WHAT IS NEEDED: Every line of the data should be written out exactly, with the pictures left out.

Dataset entries:
——

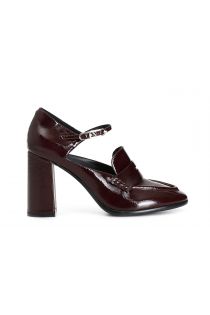 Mocassin pour femme en cuir verni avec bride et boucle personnalisée. talon carré de 88 mm. la semelle intérieure est en cuir. chaussure très polyvalente et chic pour interpréter avec style les looks de bureau et de loisirs.
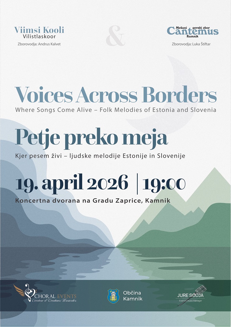 Vsi ljubitelji zborovske glasbe ste prisrčno vabljeni na koncert domačega pevskega zbora Cantemus (zborovodja Luka Štiftar), ki bo gostil estonski pevski zbor Viimsi Kooli Vilistlaskoor (zborovodja Andrus Kalvet).
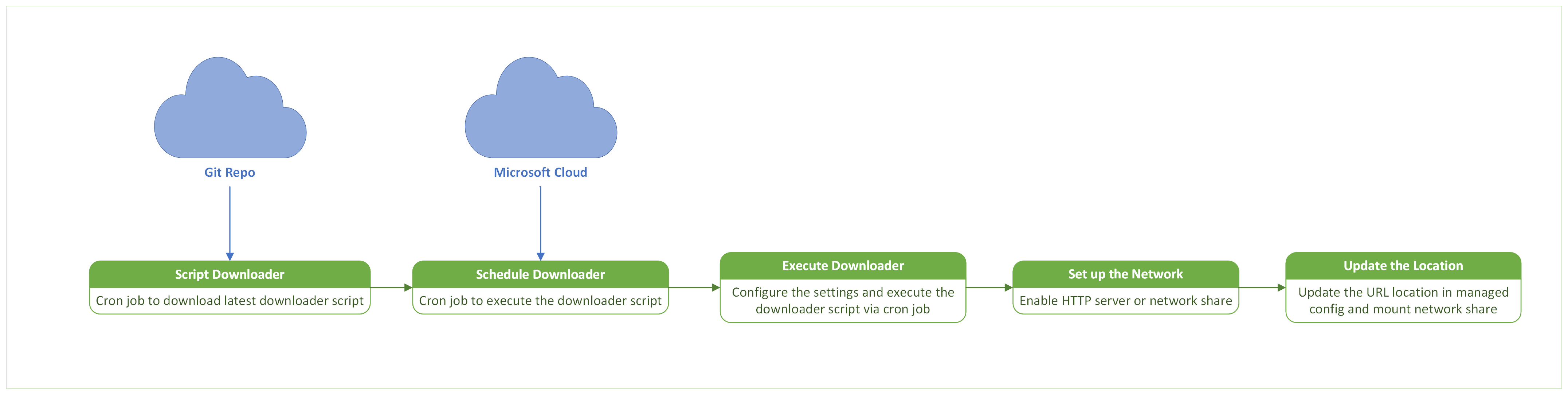 - Signatures are downloaded from Microsoft cloud on this mirror server by executing a script using cron job or task scheduler on the local server.
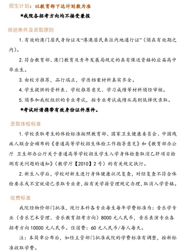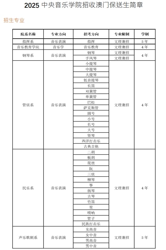 2025年中央音乐学院招收澳门保送生简章
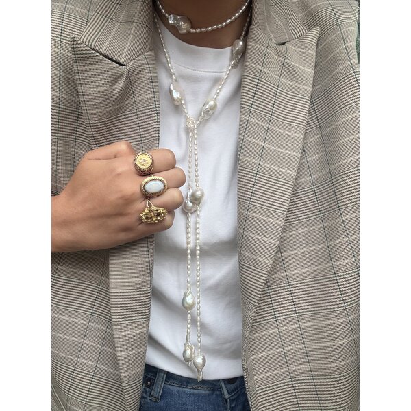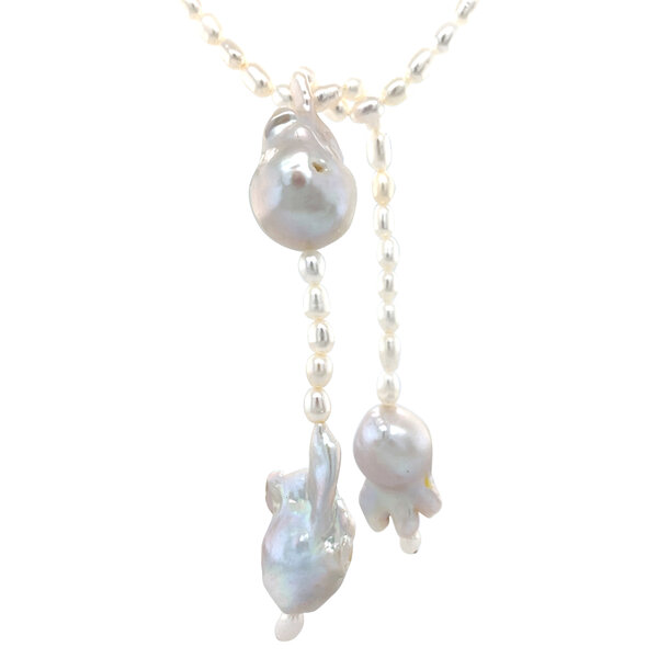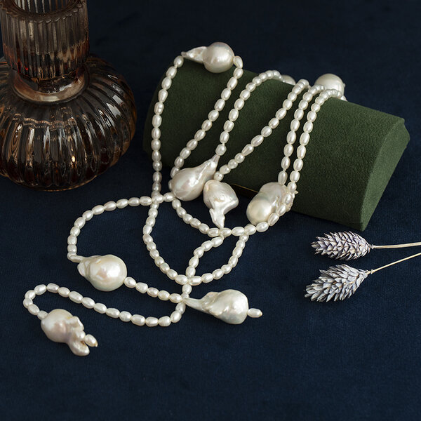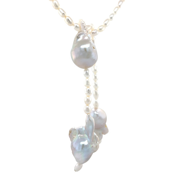 | Stone type: | Pearl 3.9 x 5.5 mm and Baroque pearl 11x +/- 22.2 x 15.3 mm |
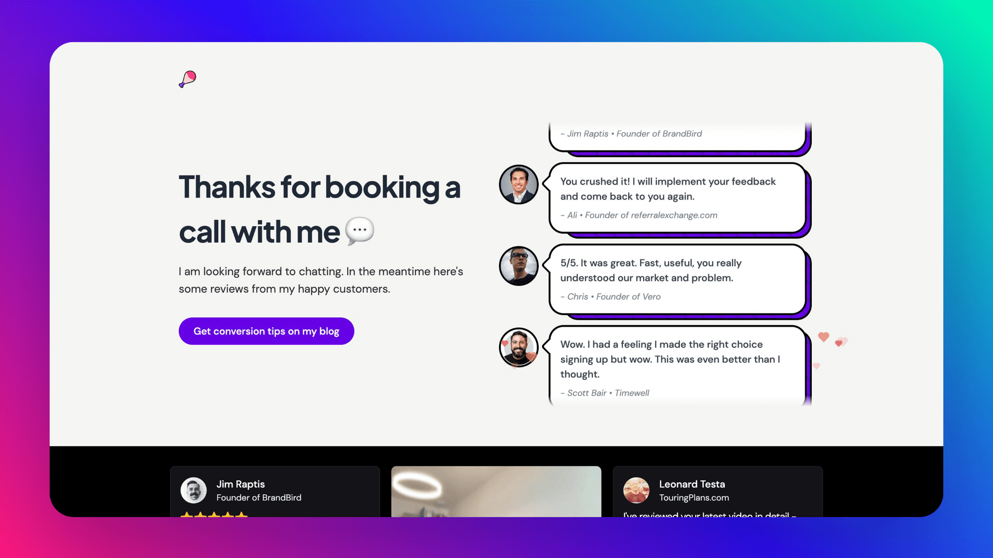 With Senja, you can even update the copy on the page to say thank you for booking a call, like this:
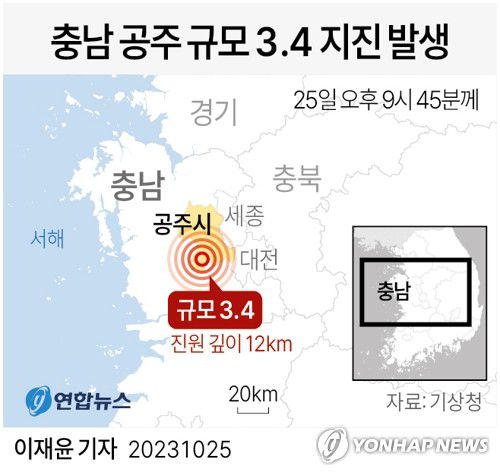 [그래픽] 충남 공주 규모 3.4 지진 발생 |
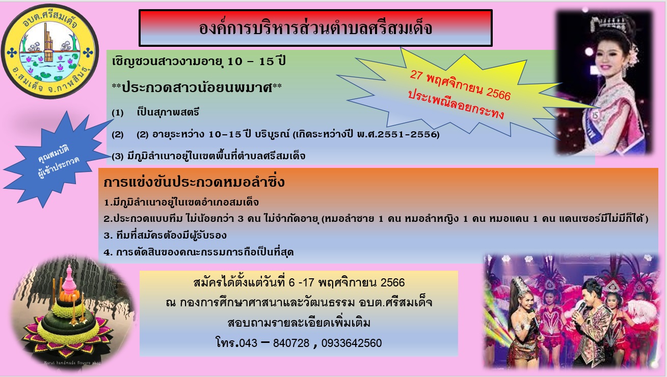 ประชาสัมพันธ์รับสมัคร หมอลำซิ่ง และนางนพมาศ ในงานลอยกระทง วันที่ 27 พฤศจิกายน 2566
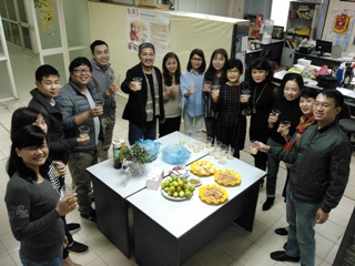 ハー ありがとうございます。今年も、VOVの男性スタッフは、私たちの女性スタッフのために、たくさんの新鮮な果物や、美味しいケーキを買ってきて、お祝いイベントをやってくれましたよ。(左の写真は4階にある日本語課、中国語課、フランス語課、ロシア語課のイベントのものです。一番右にいるソンさんの隣り人は、中国語課スタッフの人、次の3人は日本語課のホアイさん、ゴックさん、ハーさんです。次の3人の女性は韓国語課のスタッフ。次の男性は、アンさん。彼の右に2人の男性はフランス語課、そして残りの3人は中国語課の人たちです。下の写真は3階にある他の言語の放送番組のものです。)
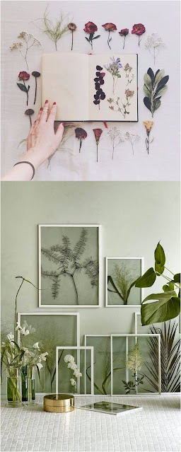 Si te encanta la decoración natural seca hojas o flores entre las páginas de un libro y enmárcalas dentro de cuadros sin fondo.Flores secas enmarcadas
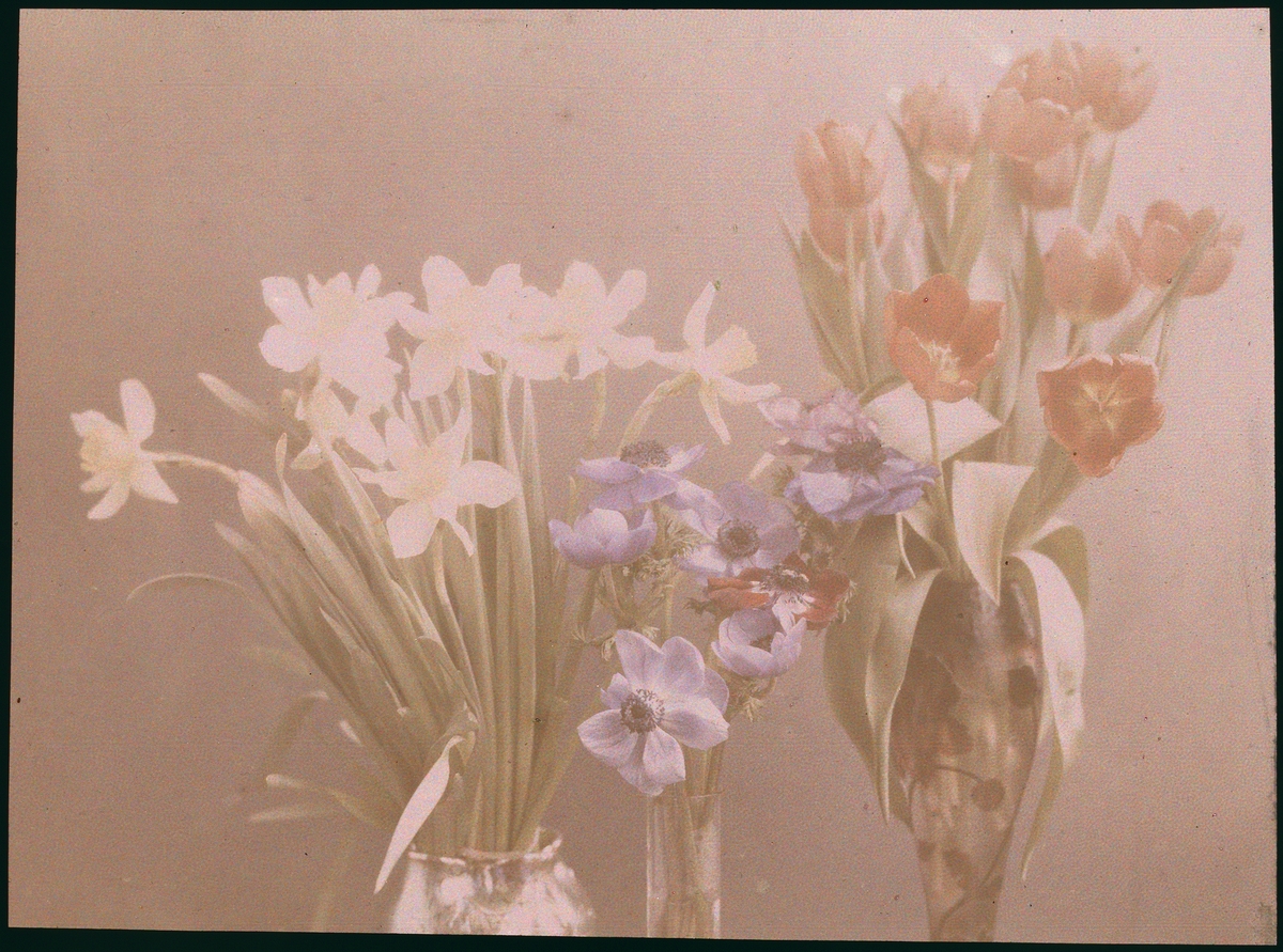 Lumière-autokrom. Blommor tulpaner, påskliljor m.fl.

——

WRITTEN REPLY:
 Mocassin pour femme en cuir verni avec bride et boucle personnalisée. talon carré de 88 mm. la semelle intérieure est en cuir. chaussure très polyvalente et chic pour interpréter avec style les looks de bureau et de loisirs.
 Vsi ljubitelji zborovske glasbe ste prisrčno vabljeni na koncert domačega pevskega zbora Cantemus (zborovodja Luka Štiftar), ki bo gostil estonski pevski zbor Viimsi Kooli Vilistlaskoor (zborovodja Andrus Kalvet).
 - Signatures are downloaded from Microsoft cloud on this mirror server by executing a script using cron job or task scheduler on the local server.
 2025年中央音乐学院招收澳门保送生简章
 | Stone type: | Pearl 3.9 x 5.5 mm and Baroque pearl 11x +/- 22.2 x 15.3 mm |
 With Senja, you can even update the copy on the page to say thank you for booking a call, like this:
 [그래픽] 충남 공주 규모 3.4 지진 발생 |
 ประชาสัมพันธ์รับสมัคร หมอลำซิ่ง และนางนพมาศ ในงานลอยกระทง วันที่ 27 พฤศจิกายน 2566
 ハー ありがとうございます。今年も、VOVの男性スタッフは、私たちの女性スタッフのために、たくさんの新鮮な果物や、美味しいケーキを買ってきて、お祝いイベントをやってくれましたよ。(左の写真は4階にある日本語課、中国語課、フランス語課、ロシア語課のイベントのものです。一番右にいるソンさんの隣り人は、中国語課スタッフの人、次の3人は日本語課のホアイさん、ゴックさん、ハーさんです。次の3人の女性は韓国語課のスタッフ。次の男性は、アンさん。彼の右に2人の男性はフランス語課、そして残りの3人は中国語課の人たちです。下の写真は3階にある他の言語の放送番組のものです。)
 Si te encanta la decoración natural seca hojas o flores entre las páginas de un libro y enmárcalas dentro de cuadros sin fondo.Flores secas enmarcadas
 Lumière-autokrom. Blommor tulpaner, påskliljor m.fl.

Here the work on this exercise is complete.